Start of PROVIDED MATERIAL

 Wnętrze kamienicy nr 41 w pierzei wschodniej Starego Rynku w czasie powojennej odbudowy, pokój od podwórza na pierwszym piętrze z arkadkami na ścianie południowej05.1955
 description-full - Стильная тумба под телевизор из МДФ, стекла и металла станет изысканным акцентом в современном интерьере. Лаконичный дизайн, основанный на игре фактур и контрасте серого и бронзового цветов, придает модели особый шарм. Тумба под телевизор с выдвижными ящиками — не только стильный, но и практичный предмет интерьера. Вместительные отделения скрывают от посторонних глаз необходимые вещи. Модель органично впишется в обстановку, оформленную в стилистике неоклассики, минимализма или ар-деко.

End of PROVIDED MATERIAL
Start of PROVIDED MATERIAL

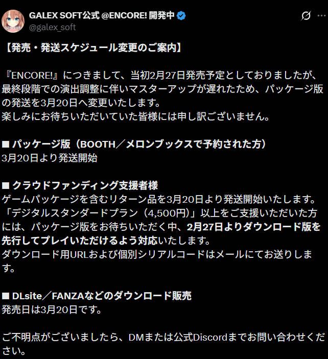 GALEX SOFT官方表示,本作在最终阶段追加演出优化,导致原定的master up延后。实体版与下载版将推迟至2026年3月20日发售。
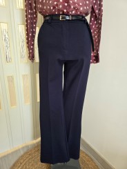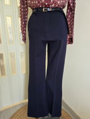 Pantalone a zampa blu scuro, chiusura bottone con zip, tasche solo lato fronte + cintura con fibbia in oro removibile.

End of PROVIDED MATERIAL

* _AIM OF THE EXERCISE_
Within the listing above, the range opens at the line with "Wnętrze kamienicy nr" and closes at the line with "description-full - Стильная". Reproduce exactly the lines of that range, including both ends.

* _COMPLETED EXERCISE_
 Wnętrze kamienicy nr 41 w pierzei wschodniej Starego Rynku w czasie powojennej odbudowy, pokój od podwórza na pierwszym piętrze z arkadkami na ścianie południowej05.1955
 description-full - Стильная тумба под телевизор из МДФ, стекла и металла станет изысканным акцентом в современном интерьере. Лаконичный дизайн, основанный на игре фактур и контрасте серого и бронзового цветов, придает модели особый шарм. Тумба под телевизор с выдвижными ящиками — не только стильный, но и практичный предмет интерьера. Вместительные отделения скрывают от посторонних глаз необходимые вещи. Модель органично впишется в обстановку, оформленную в стилистике неоклассики, минимализма или ар-деко.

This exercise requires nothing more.